What you will need before beginning:
  • A RHEL 5 or 6 machine with root access.
  • The machine needs to have a public IP address, but does not need a lot of ports open.  Actually only needs 1 port open.  Make a note of what port is open.
  • An OSG Certificate: I know that most people do not like using certificates.  Actually, no one likes using certificates.  Here is the newer, easier place you can apply for a new(ish) digi-cert certificate.  Not sure if it's production yet.

First, we will start on the machine as root, we will install the OSG Repos.  The instructions are on the OSG Twiki.  For RHEL 5, here's the short instructions:
$ rpm -Uvh http://dl.fedoraproject.org/pub/epel/5/i386/epel-release-5-4.noarch.rpm
$ yum install yum-priorities -y
$ rpm -Uvh http://repo.grid.iu.edu/osg-el5-release-latest.rpm

Next we will send install Condor and the OSG-Condor-Flock packages on the machine.  Documentation on setting up a Condor Flock is also on the OSG Twiki:
$ yum install condor osg-ca-certs -y
$ yum install --enablerepo=osg-development -y osg-condor-flock

After installing these tools, we need to configure condor to use our certificate, and to flock to our glideinwms provider of choice.

Next, we need to configure the host to use your certificate.  In order to do this, we make your certificate the 'host' certificate.  Copy your cert and key to: /etc/grid-security/hostcert.pem and /etc/grid-security/hostkey.pem.

Next, we select the glideinwms provider of choice to use.  This is covered more in-depth on the OSG Twiki.  You will also need to send your certificate to the OSG gateway provider you have chosen.  Both have pages on the OSG OIM with contact information.  OSG Gateway.  HCC Gateway.

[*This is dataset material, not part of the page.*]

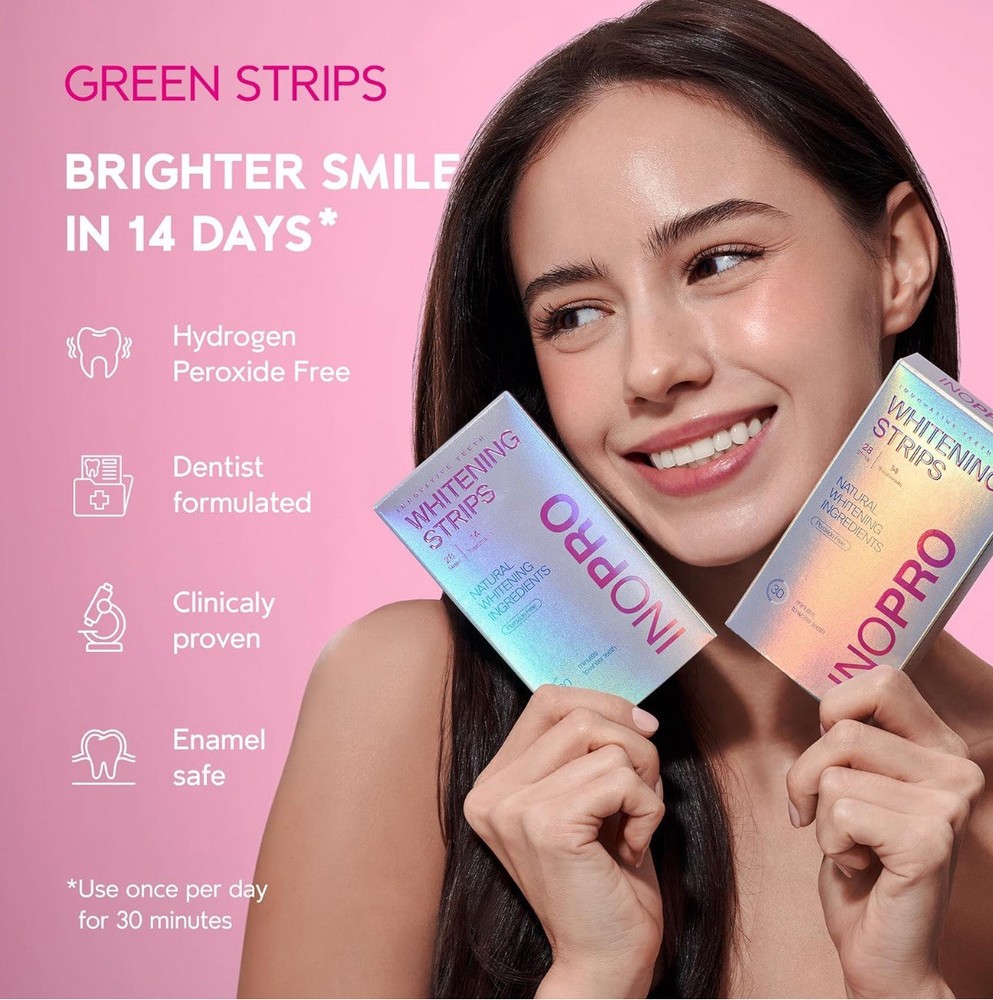 Teeth Whitening Strips 14 Treatments Kit - Teeth Whitener, Peroxide Free, Enamel Safe Green White Strips, Deep Stains Removal - Instant Teeth Whitening Without The Harm (28 Strips) Green is the new White. Our Whitening Strips will effectively whiten your teeth without harming your oral health. Our Green Whitening Strips have natural stain remover and no sensitivity side effects. Use 30 minutes each day for 14 days to achieve a whiter, brighter smile. Non-Peroxide Whitening: Achieve a brighter smile without the use of hydrogen peroxide, which can cause sensitivity for some users. Our formula provides effective whitening while being gentle on your teeth and gums. It’s also SLS-free (Sodium Lauryl Sulfate), ensuring a milder, non-irritating experience, and contains no alcohol, making it more safe and non-drying for everyday use. Perfect for those who looking for a more natural whitening solution. Powered by a natural brightener from Bearberry, green antioxidants and Coconut Oil. All these ingredients are combined to bring you whiter teeth and a brighter smile. Laboratory Tested. All ingredients have been thoroughly tested by an accredited independent laboratory. That means that our products are certified and safe for your oral health. Good Taste and Enamel Safe. It’s strong enough to remove stains, yet not so strong to cause harsh bleaching effects or sensitivity. The teeth whitening strip is enamel-safe, providing you with a pleasant teeth whitening experience. Great coconut mint flavor because whitening can be tasty too

Next, we need to set condor to use only a single port, and specify that port. In /etc/condor/config.d/99_osg_flock.conf, add the following lines.
USE_SHARED_PORT = True
SHARED_PORT_ARGS = -p 4080

The port number (given by the argument after -p) can be any arbitrary port.  Additionally, you will need to open the firewall.  In iptables, add a line like:
-A RH-Firewall-1-INPUT -p tcp -m tcp --dport 4080 -j ACCEPT
-A RH-Firewall-1-INPUT -p udp -m udp --dport 4080 -j ACCEPT

And, that is all you need.  Startup condor with 'service condor start', and you're on your way to running on the OSG with only 1 port open to the world.